Decommissioning the Magnox way
In a year dominated by discussions over whether or not to go ahead with nuclear programmes, the UK has at least shown that decommissioning plants is not a problem.
If international peer reviews could be likened to school reports then the decommissioning company Magnox was entitled to be a proud parent last February.
That month the International Atomic Energy Agency (IAEA) said the Magnox reactor dismantling company “demonstrated a well-coordinated corporate-wide approach to decommissioning projects” and that “the overall view of the review team is positive.”
In addition, the IAEA review, conducted by experts from Canada, Germany, France, Spain, Switzerland and the USA, “noted significant progress” compared to a similar exercise carried out in 2008.
Magnox, which is contracted to dismantle plants on behalf of the UK Nuclear Decommissioning Authority (NDA) and is owned by Salt Lake City, US-based EnergySolutions, one of the world’s largest low-level waste processors, has clearly been busy.
In fact, says Magnox communications adviser Dan Gould: “It’s difficult to describe all of it briefly.
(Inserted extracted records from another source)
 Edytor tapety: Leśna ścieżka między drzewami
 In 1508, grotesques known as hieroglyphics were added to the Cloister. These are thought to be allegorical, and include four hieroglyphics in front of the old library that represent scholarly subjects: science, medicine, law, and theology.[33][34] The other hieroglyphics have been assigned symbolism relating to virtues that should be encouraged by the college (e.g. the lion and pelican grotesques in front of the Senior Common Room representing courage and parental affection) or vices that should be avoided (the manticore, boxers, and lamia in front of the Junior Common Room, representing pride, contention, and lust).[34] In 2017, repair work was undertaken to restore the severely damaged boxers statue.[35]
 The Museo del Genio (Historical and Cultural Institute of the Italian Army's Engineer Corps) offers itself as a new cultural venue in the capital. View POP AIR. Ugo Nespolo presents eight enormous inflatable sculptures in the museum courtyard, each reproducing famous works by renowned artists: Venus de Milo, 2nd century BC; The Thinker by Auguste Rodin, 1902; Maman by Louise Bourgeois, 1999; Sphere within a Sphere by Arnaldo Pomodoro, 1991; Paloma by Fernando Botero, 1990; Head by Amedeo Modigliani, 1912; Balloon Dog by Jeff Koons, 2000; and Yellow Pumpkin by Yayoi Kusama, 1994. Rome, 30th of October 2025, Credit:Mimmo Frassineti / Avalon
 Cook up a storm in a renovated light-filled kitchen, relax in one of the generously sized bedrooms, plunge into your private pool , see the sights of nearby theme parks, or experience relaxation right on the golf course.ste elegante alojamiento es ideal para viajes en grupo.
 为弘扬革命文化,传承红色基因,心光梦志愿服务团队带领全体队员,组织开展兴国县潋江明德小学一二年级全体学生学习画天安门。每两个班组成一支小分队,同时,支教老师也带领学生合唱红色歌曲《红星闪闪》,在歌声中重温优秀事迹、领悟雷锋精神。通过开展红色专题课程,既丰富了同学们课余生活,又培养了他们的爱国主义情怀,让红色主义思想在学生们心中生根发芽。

We have got 10 sites. One is still generating, one has just finished generating, and the other eight are in various stages of decommissioning.”
Of the latter, he adds, the stages involved range from “just finishing defueling” and “accelerating towards a state of care of maintenance.”
The company is actually tasked with handling the end-of-life arrangements for all the UK’s Magnox reactors bar one, Calder Hall, which is being decommissioned at the Sellafield reprocessing plant (where lead communicator Ali McKibbin says it is “business as usual”).
Handily for Gould, though, the Magnox website has a video which neatly summarises most of his company’s key achievements over the last year.
These include carrying out work worth £700m and creating £1.3bn of savings within the decommissioning programme, as well as shaving 34 years off its duration.
The company shut down the sole operational reactor at Oldbury and demolished the turbine hall at Bradwell in a project that took 100,000 man-hours and saw the removal of more than 100 tons of asbestos along with the recycling of 6,000-plus tons of metal.
At Berkeley, on the bank of the River Severn in Gloucestershire, England, Magnox has signed an £8m contract with the UK’s Low Level Waste Repository and the Swedish decommissioning firm Studsvik to recycle five redundant boilers, weighing 300 tons each.
And at Dungeness, Magnox scored a UK nuclear industry first in October when it emptied a final batch of fuel element debris (FED) from a dissolution plant that has processed 107 tons of FED since the 1990s, reducing its total volume by around 98 per cent.
Magnox also managed to wring a potential additional £300m in generating revenue from its sole operational plant, Wylfa, in Wales, by transferring the limited fuel supplies from the plant’s second reactor into its Reactor 1 unit.
The operation, which involved the biggest-ever statutory outage of a Magnox site, costing £4m, will allow Wylfa to continue generating electricity up until 2014.
In Magnox’s remaining sites, meanwhile, the company has been busy implementing novel ideas such as a Magnox Optimised Decommissioning Programme, which creates savings through new technical advances and changes to working arrangements.
Care and maintenance
One of the key initiatives within the programme is to bring two sites, Bradwell and Trawsfynydd, into early care and maintenance.
In the meantime, Dungeness A and Chapelcross, which both have notably low volumes of intermediate-level waste, are being fast-tracked into an interim care and maintenance state to release funding for higher-hazard reduction projects elsewhere.
Another innovation has been the introduction of a framework contract for de-planting, demolition and asbestos removal across all sites.
Worth £304 million, the contract covers suppliers such as Keltbray/Doosan Babcock, Celadon, Erith, Squibb/LVI Group, Nuvia, EDS and Kitsons, and is designed to streamline commercial arrangements with contractors while reducing tendering costs.
All this has happened at the same time as Magnox has gone through a management restructuring exercise.
In 2008 the company had been split into two “because the sites in Magnox South, as was, were all in a similar state and it looked as if we could get good value for bidding all these sites together,” says Gould.
The split was reversed last year, however, to help the company reduce costs and improve best-practice sharing. Such a process may have had the potential to distract Magnox from its many decommissioning duties, but the IAEA clearly concludes this was not the case.
“There was a large before and after difference,” says John Rowat of the IAEA’s Division of Radiation, Transport and Waste Safety, who worked on the latest Magnox peer review. “Quite a bit of this might have been due to the maturing role the NDA was taking as well.
“Our initial review was in the early stages of decommissioning, when there was some floundering about as well as financial uncertainty. The government in the UK has done a great job in whipping that into shape. There are a lot worse situations elsewhere in the world.”